Look to Small-cap Stocks as Leading Indicator of Market Fatigue
Montreal, Canada
Small-cap stocks remain comfortably above their 200-day moving average in mid-November and have spearheaded the recovery off the March lows. But signs of weakness have begun to emerge over the last few weeks and might portend to a broader sell-off – long overdue at this stage of the historical rally.
Since March, the Russell 2000 Index of small companies has gained 75% compared to 64% for the S&P 500 Index – dominated by America's 500 largest companies based on stock market capitalization.
Since September 30, however, the Russell 2000 Index has tumbled about 4% compared to a 5% rise for the S&P 500 Index. And since August 31 the S&P 500 Index has risen 9% versus a 5% gain for the Russell 2000 Index.

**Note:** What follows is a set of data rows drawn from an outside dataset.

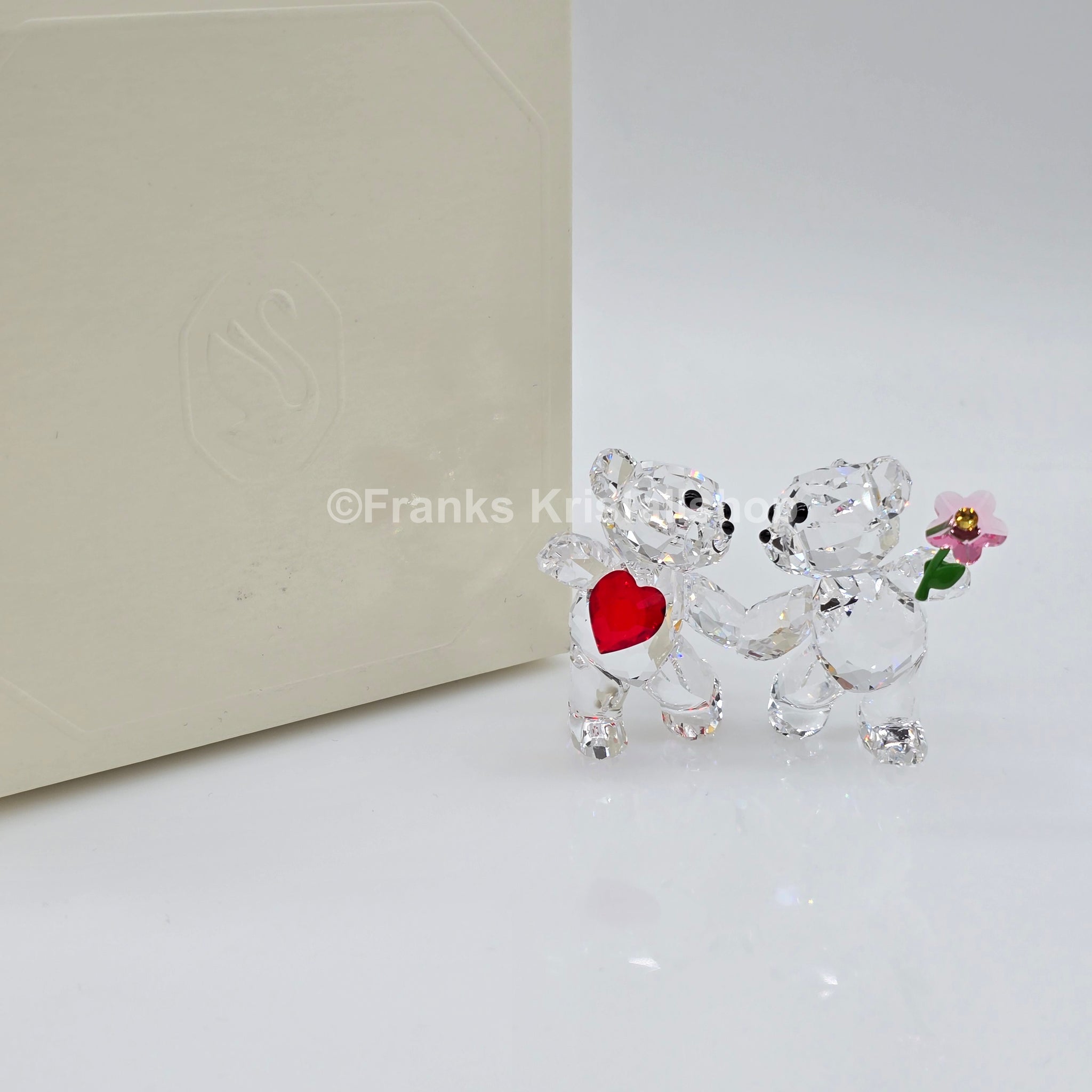 Dieses süße Liebespaar ist die neue Kreation aus der Swarovski Kris Bär Kollektion. Ein Bär trägt ein rotes Herz vor seiner Brust während der andere eine Blume mit rosa Blüte auf grünem Stiel in der Hand hält. Eine bezauberndes Geschenk zur Hochzeit oder eine schöne Liebeserklärung für einen geliebten Menschen.
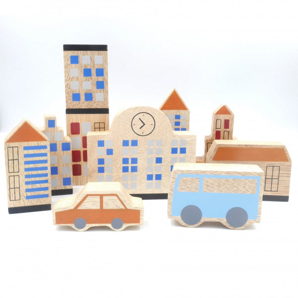This 10-piece wood-block town set will give hours of fun to your wee ones. Comes in a handy storage bag.
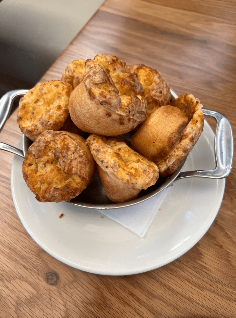 Cheesy Dream Puffs – Cheesy gluten-free tolls topped with sea salt, pepper and rosemary – $10.95 (price as of Feb. 2025 is $12.95)
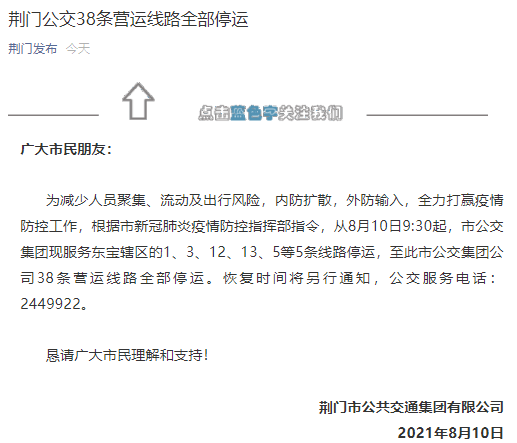 荔枝新闻讯 据微信公众号“荆门发布”10日消息,为减少人员聚集、流动及出行风险,内防扩散,外防输入,全力打赢疫情防控工作,根据市新冠肺炎疫情防控指挥部指令,从8月10日9:30起,市公交集团现服务东宝辖区的1、3、12、13、5等5条线路停运,至此市公交集团公司38条营运线路全部停运。恢复时间将另行通知,公交服务电话:2449922。
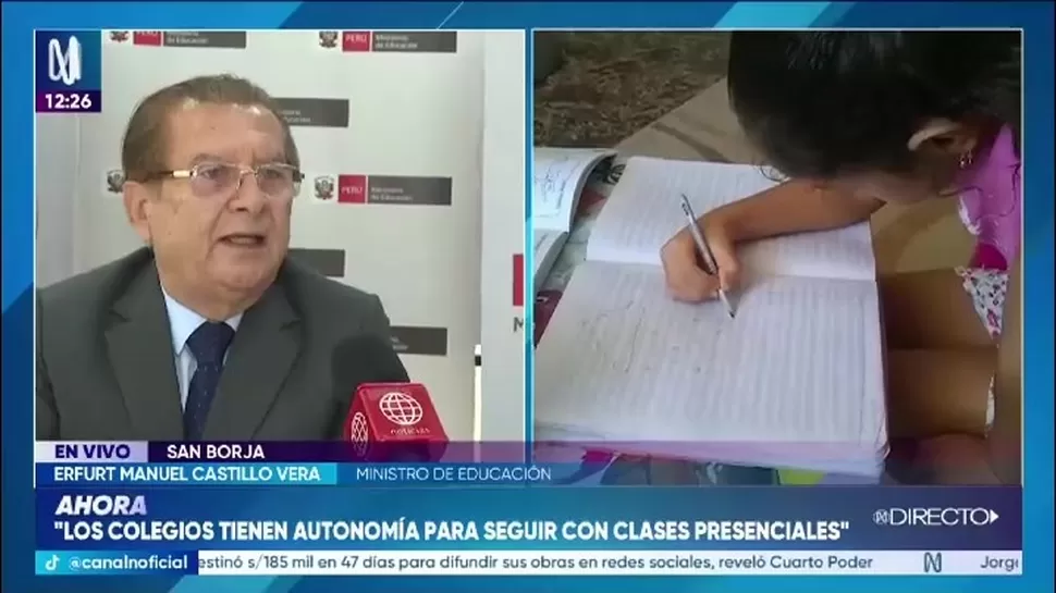 El ministro explicó que la resolución publicada contempla excepciones para determinadas instituciones educativas. Entre ellas mencionó centros de educación inicial, guarderías, educación especial y colegios que no cuentan con plataformas digitales. En estos casos, los centros educativos pueden continuar desarrollando clases presenciales.
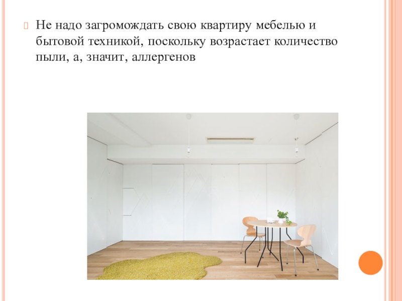 Слайд 63Не надо загромождать свою квартиру мебелью и бытовой техникой, поскольку возрастает
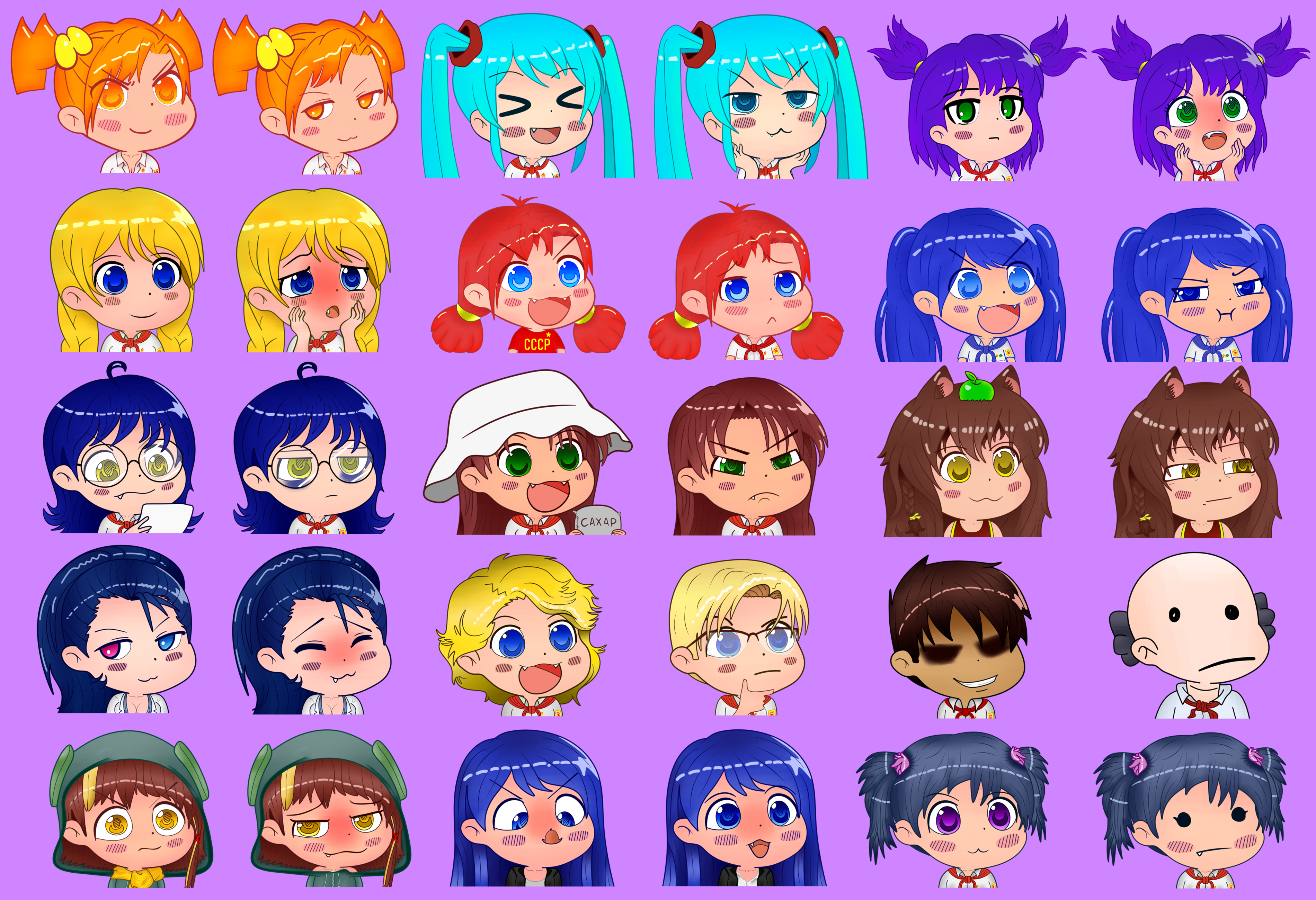 >>1126201 од уже есть чибиковская вот такая, но я всё равно переделал бы под общий стиль завтра будет а ещё думаю по два варианта эмоций всем чибикам сделать а не по одному, чтоб злая леночка была, сердитая славя че думаете?
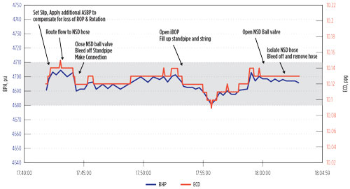 Stopping and starting the rig’s circulation system is a primary source of drilling NPT resulting in lost circulation, kicks, sloughing, stuck pipe, and differential sticking. A key drilling strategy was to use CCS to keep the pumps running at all times to provide a safe, simple, effective MPD solution. Figure 3 illustrates making a connection with the CCS system to maintain +/– 15 psi BHP control accuracy during drill pipe MPD connections. An additional 100 psi MPD ASBP was applied during the connection to compensate for the loss of drilling ROP and RPM.
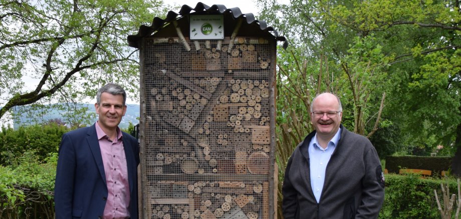 Mit den ersten Sonnenstrahlen im Frühling beginnt auch die Insektenzeit. Wenn es draußen wieder wärmer und sonniger wird, hören wir überall das Summen und Brummen von Bienen, Hummeln und nützlichen Insekten sowie Käfern. Der EAM liegen Naturschutz und Nachhaltigkeit am Herzen. Aus diesem Grund fördert der kommunale Energieversorger die Anschaffung und Aufstellung von XXL-Insektenhotels in den Kommunen ihres Netzgebietes. Darunter ist auch die Stadt Solms: Am Dienstag, dem 9. Mai übergab der Leiter der Netzregion Wetzlar, Burkhard Meth ein großes Insektenhotel an Bürgermeister Frank Inderthal. Das Hotel soll zukünftig ein neues Zuhause für heimische Insekten bieten. Die Insektenunterkunft befindet sich im Stadtteil Albshausen bei der evangelischen Kirche.
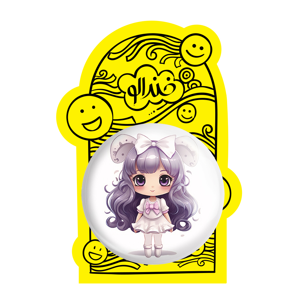 پیکسل بزرگ دخترانه (Girlish) خندالو با روکش سلفون حرارتی مات مخملی ضدخش و قطعه پشتی فلزی تولید می شود. قطعات پشت پیکسل های خندالو با سوزن یک تکه ثابت و بدون لغزش و جا به جایی، ایستایی بسیار خوبی دارند که این مهم در تولید پیکسل های 58 میلیمتری نیز رعایت شده است.
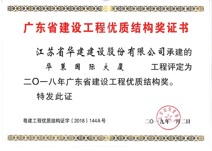 華策國際大廈獲2018年廣東省建設工程優質結構獎

Leadership has started to shift from small-caps to large-caps over the last three months and that might herald a defensive realignment among money-managers following torrid gains over the last eight months. Small stocks typically bust out of the gate at the start of an economic recovery and usually run out of gas before large-cap stocks peak; this action is consistent with the trend in corporate insider sales since August whereby most of the selling has occurred in the small-cap universe.
If small stocks led the recovery then it's fair to assume they will lead the next decline.
Many small companies are still shedding labor and are struggling to raise financing in a tight credit environment. American small business is responsible for about 40% of new employment; without a broad recovery in small business hiring it's hard to envisage a sustainable earnings rebound.
Corporate earnings have recovered since April but mostly at the expense of cost-cutting, not top-line revenue growth. That's also true for most large-cap companies in the S&P 500 Index; most companies have shed redundant labor and have dramatically reduced bloated inventories since late 2008. Still, organic revenue growth is absent in this supposedly new bull market.
If anything, S&P 500 Index companies might continue to receive a boost from a weaker U.S. dollar since about half of their sales are derived from overseas. That pales compared to small stocks, which are mainly domestic-oriented companies.
For global investors, most U.S. assets are cheap. The dollar has lost about 2/3s of its value vis-à-vis the EUR this decade making American assets highly attractive to foreign suitors – if they can secure the financing.
America's on sale. That's especially true when you price U.S. real estate in EUR or most foreign currencies; it's no wonder the Germans are invading parts of the United States with their mighty EUR, purchasing distressed commercial properties since last summer. But stocks in the United States aren't cheap like real estate or the dollar. The big bargains for value investors definitely lie in real estate in late 2009, not in common stocks or speculative bonds.